Often, getting into gardening and urban farming can get complicated. But Harrison said it doesn’t have to be that way. The key, he said, is meeting people where they’re at.
“If they live in an apartment or they don't have a place for a garden, there's scales of participation that we try to share with folks,” he said. “You can grow herbs in your windowsill and gain great joy from that.”
In urban agriculture, Harrison said he’s found a sense of power. There’s so much that’s out of our individual control. But when he’s talking to people getting into gardening, he encourages them to look at the impacts of their work — that butterfly who formed its cocoon on a plant grown by their hands, that bird that found shelter in the shade of their garden.
“When we’re feeling overwhelmed and like the world’s going to crap and we have no control over what’s happening, you can very quickly see that … your actions can really positively impact the conditions for life to thrive,” he said.

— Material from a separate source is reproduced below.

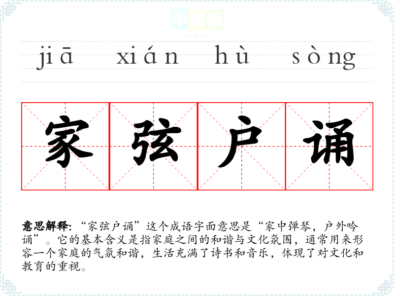 “家弦户诵”这个成语字面意思是“家中弹琴,户外吟诵”。它的基本含义是指家庭之间的和谐与文化氛围,通常用来形容一个家庭的气氛和谐,生活充满了诗书和音乐,体现了对文化和教育的重视。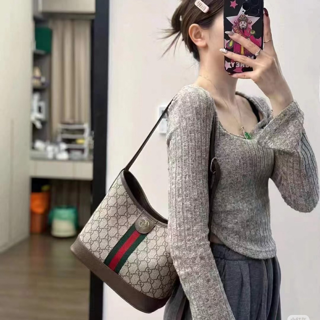 2025 G의 새로운 오리지널 가죽 클래식 오피디아 버킷 백 트렌디 브랜드 순수 소가죽 숄더 크로스백

Harrison also reminds himself this work isn’t happening in isolation. Since 2000, Harrison said Soil Born’s programs have offered a space to learn and grow plants for thousands of people — and similar work is being carried out by so many all over the country. There’s comfort in that community, he said.
“Don't think about just you,” he said. “Think about the thousands and thousands and thousands of people that are doing exactly what you're doing.”
Soil Born offers all kinds of educational programming and training.
If you’re looking to learn a little more or dip your toe into the world or urban gardens without the cost, Harrison recommends visiting their American River Parkway site during their next free gardening clinic on April 6. On that day, they'll have free gardening classes, a chance to shop around for seedlings and plants and an opportunity to get acquainted with the farm.
They also invite people to volunteer at the farm every Saturday.